PQ did more work on his register description database in xml. He refined the design with z3ro, so that it will be useful for Radeon and Nouveau. However, he nearly went insane when darktama casually mentioned that there are registers which are auto incremented when used to write to other registers (like uploading the context voodoo). We nearly lost PQ there, but he quickly recovered when genius stroke him and he found an easy way to encode just that information into his xml schema. While at first only aimed at enhancing the mmio-parse output it now seems as if nvclock (long term) and radeon may use this tool too for their needs.
abotezatu (who applied for SoC) researched the still remaining NV1x issue regarding the non working context switch.
Airlied continues his work on randr12 slowly due to other obligations. His branch is probably mostly broken for everything except his setup. But as he is concetrating on both PPC and x86 both architecture should be equally broken. It seems as if it will be necessary to parse some Bios tables to gain all necessary data to make this work. For now parsing the table on NV4x works (earlier cards probably don't have this table), but darktama broke the drm binary compability, thus a new merge with the master branch is needed. But currently Airlied is working to get TTM and the Intel drivers into shape.
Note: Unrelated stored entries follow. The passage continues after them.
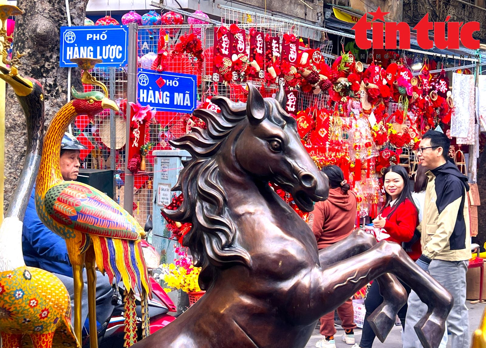 Cách đó không xa, phố Hàng Mã cũng là điểm đến thu hút giới trẻ và các gia đình dịp Tết đến, xuân về. Cả con phố được bao phủ bởi sắc đỏ, vàng rực rỡ của đèn lồng, câu đối, bao lì xì, đồ trang trí Tết và linh vật ngựa. Không chỉ mua sắm, nhiều người còn tranh thủ chụp ảnh, check-in giữa không gian ngập tràn sắc xuân, ghi lại những khoảnh khắc đáng nhớ trước thềm năm mới.
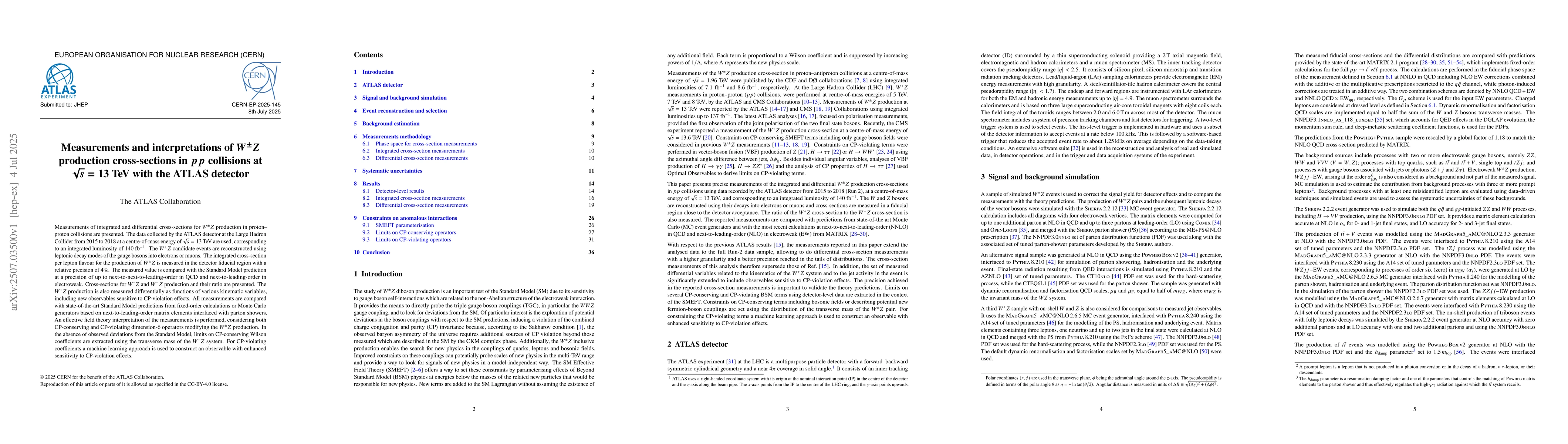 Measurements of integrated and differential cross-sections for $W^{\pm}Z$ production in proton-proton collisions are presented. The data collected by the ATLAS detector at the Large Hadron Collider from 2015 to 2018 at a centre-of-mass energy of $\sqrt{s} =$ 13 TeV are used, corresponding to an integrated luminosity of 140 fb$^{-1}$. The $W^{\pm}Z$ candidate events are reconstructed using leptonic decay modes of the gauge bosons into electrons or muons. The integrated cross-section per lepton flavour for the production of $W^{\pm}Z$ is measured in the detector fiducial region with a relative precision of 4%. The measured value is compared with the Standard Model prediction at a precision of up to next-to-next-to-leading-order in QCD and next-to-leading-order in electroweak. Cross-sections for $W^+Z$ and $W^-Z$ production and their ratio are presented. The $W^{\pm}Z$ production is also measured differentially as functions of various kinematic variables, including new observables sensitive to CP-violation effects. All measurements are compared with state-of-the-art Standard Model predictions from fixed-order calculations or Monte Carlo generators based on next-to-leading-order matrix elements interfaced with parton showers. An effective field theory interpretation of the measurements is performed, considering both CP-conserving and CP-violating dimension-6 operators modifying the $W^{\pm}Z$ production. In the absence of observed deviations from the Standard Model, limits on CP-conserving Wilson coefficients are extracted using the transverse mass of the $W^{\pm}Z$ system. For CP-violating coefficients a machine learning approach is used to construct an observable with enhanced sensitivity to CP-violation effects.
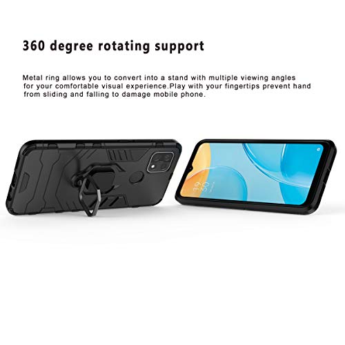 Dedux Custodia + 2 Pezzi Pellicola Protettiva per Oppo A15, Supporto per Anello in Metallo [Supporto Magnetico per Auto] con Supporto ad Anello Custodia Cover. Nero
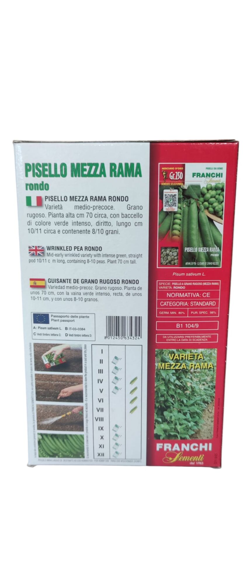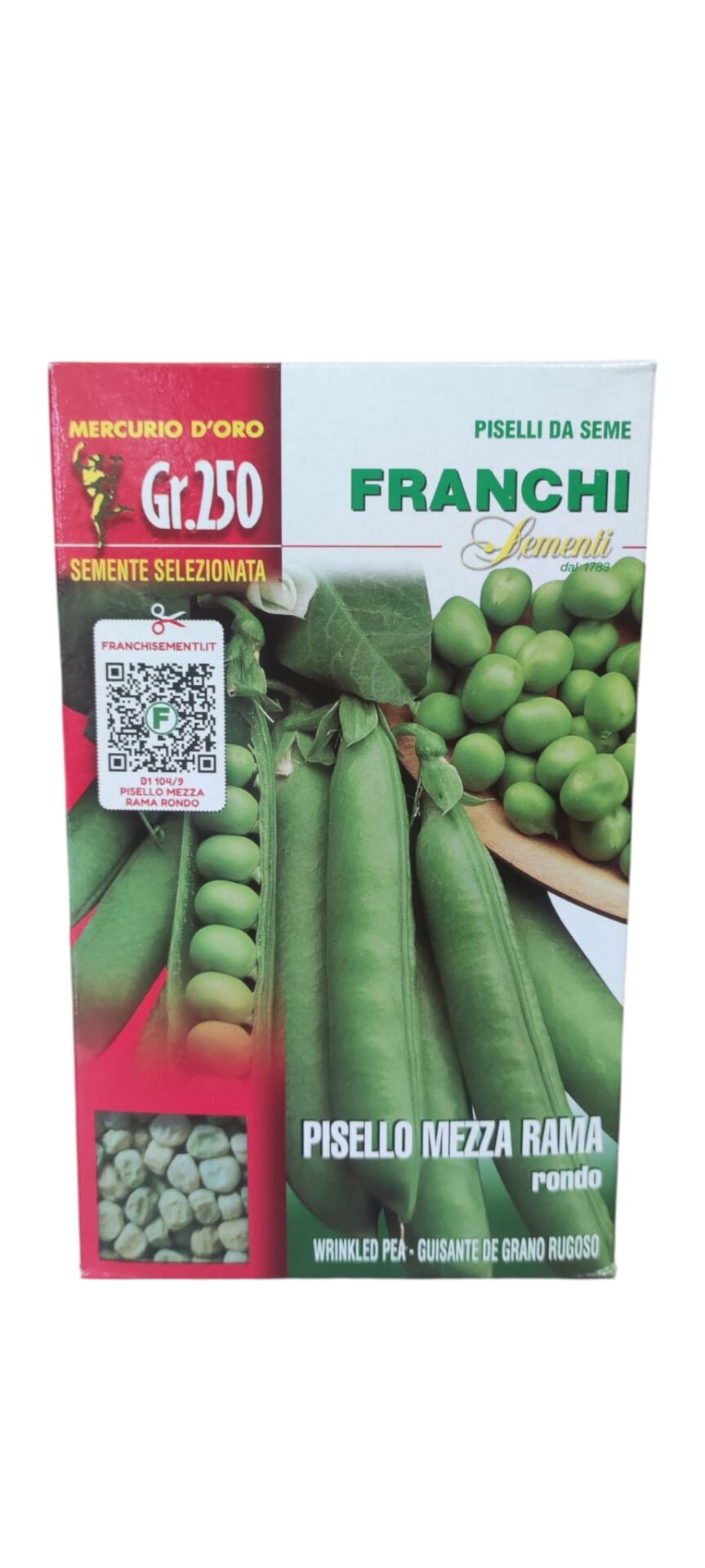 PISELLO MEZZA RAMA RONDO – Varietà medio-precoce a grano rugoso. Pianta alta 70 cm. con baccello verde, diritto, lungo 10/11 cm., 8/10 grani.

jb17some continue his search to find out, why the objects in instance ram are sometimes not found on G70 and above. He has a much better understanding of why the crashes occur and where the context instance mem is stored. It looks like G70 and up cards only store the instancemem in the frame buffer and not the 16mb pci region 0. This theory was verified against reality on his 7900gs (by dumping the pci region 0 + frame buffer), comparing this results against some dumps from the dump repository. Further test on a 6150 seem to support the theorie that this is true for all cards >= NV4x which are using shared memory.
KoalaBR published the script to automatically download, compile and run renouveau including creating a fitting archive from the output. You can find a link to it on the REnouveau Wiki page and currently here: http://www.ping.de/sites/koala/script/createdump.sh
And before we ask you again for your help, here we have a basket of easter eggs (well, no real eggs, but we hope you like them nevertheless)
- Marcheu fixed context switching on NV04. Glxgears still doesn't work as some bugfixes for the 3d setup are still missing.
- Julienr and Marcheu fixed the crashes on Quadro FX 350M (PCIE) (see bug #10404 on Bugzilla). If you see crashes with Go7300/7400 or similar chips, you should retest and give us feedback.
- Context switching seems to work on all cards now, but not all cards can run glxgears yet. On some cards, certain 3d commands in DMA or FIFO hangs. The reason for that is currently under investigation.
3. Help needed
We are interested in SLI dumps and dumps for Go7300/7400 (and please set the Topic line of your email to hint at the fact that this is an SLI dump). G80 owner willing to test patches would be very welcome too.
And yes, MmioTrace dumps would be very welcome too.
Go7300/7400 owner should test whether nouveau (2d) works for them.
So, that was the Easter edition of the TiNDC. About 3 days of work, covering 3 weeks of development, read in about (a guess) 3 minutes? Never mind I hope you enjoyed reading it.